Emma melangkah ke ruang rapat dengan segelas kopi di tangan. Kali ini, suasananya sedikit berbeda. Tim manajerial tampak lebih tegang dari biasanya. Ketika semua sudah duduk, atasannya, Pak Arman, memulai pembicaraan.

"Baik, tim," katanya sambil mengetuk meja untuk menarik perhatian. "Kita punya waktu dua minggu untuk menyelesaikan laporan akhir proyek ini. Klien kita, PT. Hwa S.ci, berharap hasil yang sempurna, jadi saya butuh semua orang bekerja dua kali lebih keras."

Emma mencatat cepat di buku notanya. Nama PT. Hwa S.ci sudah tak asing lagi, karena mereka adalah salah satu klien paling menuntut. Mereka selalu meminta detail dan perubahan di menit-menit terakhir. Tantangan ini membuat Emma sering merasa tertekan, tapi juga menantang profesionalismenya.
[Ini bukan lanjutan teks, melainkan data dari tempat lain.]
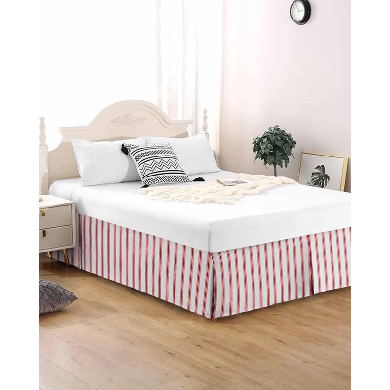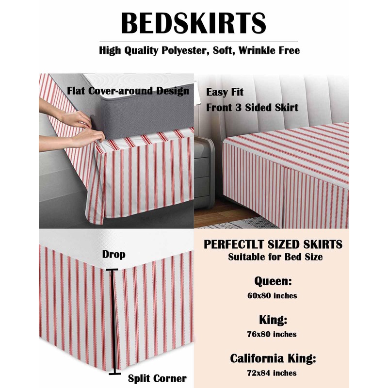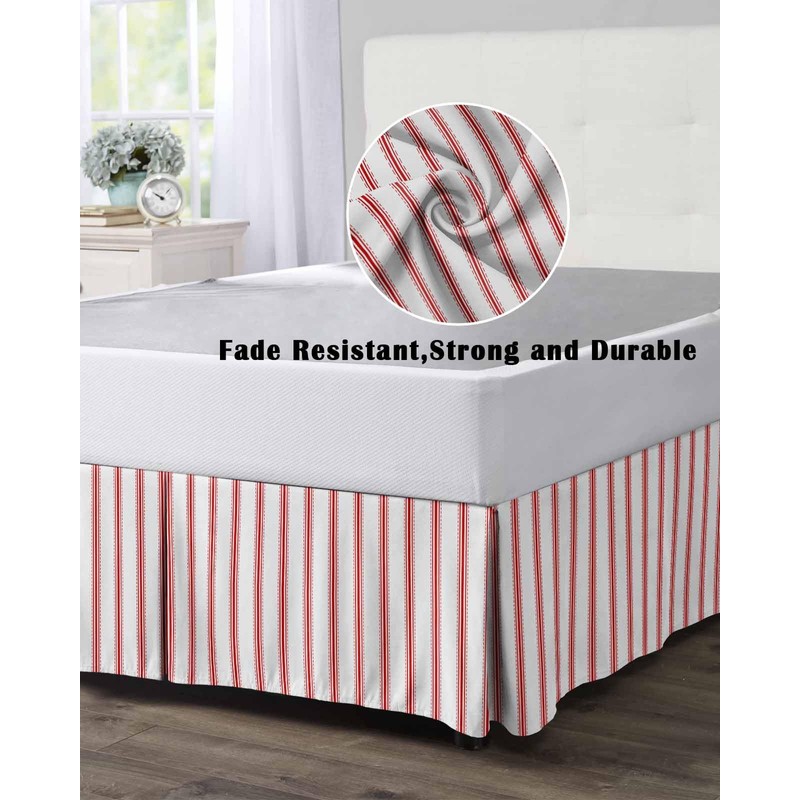 Red Striped Bed Skirt Queen Size 18 Inch Drop, Luxury Pleated Bed Frame Cover, Red White Stripes Farmhouse Sheet & Wrap Around Bed Skirts Box Spring Cover Dust Ruffle for Queen Bed with Split Corner

"Emma," lanjut Pak Arman, memandangnya serius. "Kamu pegang bagian kontrol dokumen dan QA untuk proyek ini. Saya butuh kamu memastikan semua data sesuai dengan standar dan tidak ada yang terlewat."

Emma mengangguk tegas. Tugas ini tidak ringan, tapi ia siap untuk memikul tanggung jawabnya.

Kembali ke mejanya, Emma dihadapkan dengan file elektronik dan dokumen fisik yang menumpuk. Ia segera memulai dengan meninjau laporan progres yang sudah masuk. Setiap laporan harus disinkronkan dengan database pusat dan dipastikan tidak ada kesalahan data.

Emma mengadakan rapat kecil dengan timnya. Mereka membahas kendala yang muncul dalam beberapa laporan. Salah satu anggota tim, Rina, mengeluhkan adanya data yang tidak konsisten.

"Emma, kita punya beberapa laporan yang angka-angkanya nggak sinkron antara versi fisik dan digital. Ini masalah besar kalau sampai klien lihat," kata Rina, wajahnya terlihat khawatir.

Emma menenangkan Rina dengan anggukan. "Oke, kita pecah tugasnya. Aku dan kamu akan fokus cek ulang laporan digital, sementara Arya dan Tiara pastikan dokumen fisik tidak ada yang salah. Kita selesaikan ini sebelum jam makan siang."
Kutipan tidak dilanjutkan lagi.